Однако, помимо влияния России на жизнь Кавказа, активно протекал и обратный процесс. Прежде всего, это касалось полков, составлявших ядро Отдельного Кавказского корпуса, военнослужащие которых быстро переняли и снаряжение, и даже некоторые обычаи горцев. Можно привести слова одного из путешественников по Кавказу 1830-х гг., показывающие его удивление от стремления русских офицеров, служивших на Кавказе, в максимальной степени адаптироваться к местным условиям: "Не правда ли, вы ожидаете от меня громких фраз, неистового изумления, вы уже приготовлены к сцене первой встречи с Черкесом. И точно: удивление мое чуть не превратилось в столбняк, только совсем от другой причины. Отчаянный наездник, безукоризненный Горец заговорил самым чистым велико-российским наречием: это был русский офицер, по каким-то делам приехавший из соседнего отряда. Кто же знал, что русские офицеры умеют маскироваться Горцами и притом так искусно, что "путешественник по Востоку" может принять их за чистых Черкесов? Разумеется, офицер старался передо мной, как перед новичком, показать всю роскошь своего горского костюма, все удобства черкесского облачения, но я, профан, не мог взять на первый раз в толк, отчего чевяки, башмаки без толстой подошвы и каблуков, лучше наших сапогов, почему шашка рубит сильнее, чем сабля, отчего седло с деревянными уключинами спереди и сзади удобнее чисто кожаного, какое преимущество имеют широкие неуклюжие стремена Горцев перед нашими, и многое другое, чем офицер так гордился. Мне казался странным русский человек в черкесском наряде, и я пятился от него, будто от иноземца, между тем как офицеры низового укрепления с восторгом созерцали его драгоценный кинжал и его бесценную шашку..." [1; 35] В этих словах явственно видно непонимание случайных путешественников, попавших на Северный Кавказ, специфики местных условий и стремления тех людей, которые здесь живут и сражаются, максимально приспособиться к окружающей их среде и ситуации.

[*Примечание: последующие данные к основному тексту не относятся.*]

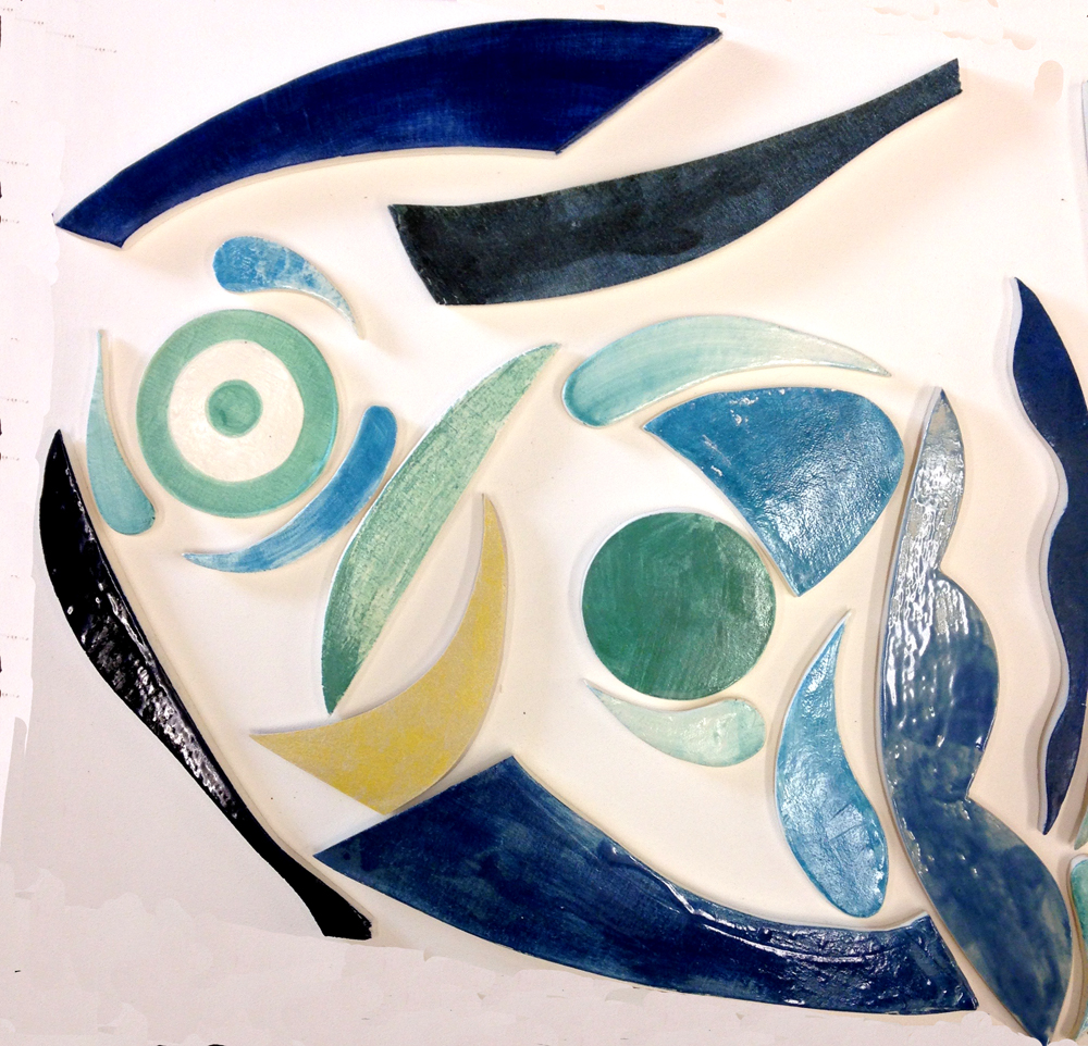 Looking at some of the pieces that have recently come out of the kiln, like the one above, anybody might think that Peter Arscott Ceramics is keen on making work that displays the principles of movement, by showing flowing lines and edges that we find in the natural world. But it is rhythm and pattern in the mark making that is of primary concern and this sometimes leads to this impression of movement – repetition of elements or colours. We are just as keen on placing spots on the surfaces, which achieve the opposite, anchoring a design, like the one below.

Вообще к концу 30-х гг. XIX в. формирование особого типа "русского кавказца" отмечалось и многими известными литераторами, например, А. А. Бестужев-Марлинский писал в одном из своих писем: "Русские там полуазиатцы...", это соответствует и определению М. Ю. Лермонтова, что "настоящий кавказец" "есть существо полурусское, полуазиатское...", при этом он добавлял, что "наклонность к обычаям восточным берет перевес..." Лермонтов дал и более развернутую характеристику "кавказца": "... чуждый утонченностей светской и городской жизни, он полюбил жизнь дикую и простую; не зная истории России и европейской политики, он пристрастился к поэтическим преданиям народа воинственного. Он понял вполне нравы и обычаи горцев, узнал по именам их богатырей, запомнил родословные... Он легонько маракует по-татарски... Страсть его ко всему кавказскому доходит до невероятия..." В целом, по мнению Лермонтова, "настоящий кавказец" - человек удивительный, достойный всякого уважения и участия". Эту характеристику Лермонтов дал в своем очерке "Кавказец", где изображал служащего на Кавказе типичного армейского офицера, которого в литературном плане можно определить как дальнейшее развитие образа Максима Максимовича. В этом произведении Лермонтов иронически отозвался о поведении большинства впервые приехавших на Кавказ молодых офицеров, которые еще стремятся к внешней "мишуре" и кавказской "экзотике": "Он еще в Петербурге сшил себе архалук, достал мохнатую шапку и черкесскую плеть на ямщика. Приехав в Ставрополь, он дорого заплатил за дрянной кинжал и первые дни, пока не надоело, не снимал его ни днем, ни ночью". [5; 84] Далее поэт писал, что служащий на Кавказе офицер "равно в жар и в холод носит под сюртуком архалук на вате и на голове баранью шапку; у него сильное предубеждение против шинели в пользу бурки", "у него завелась шашка, настоящая гурда, кинжал - старый базалай, пистолет закубанской отделки, отличная крымская винтовка, которую он сам смазывает, лошадь - чистый шаллох, и весь костюм черкесский". [6; 32]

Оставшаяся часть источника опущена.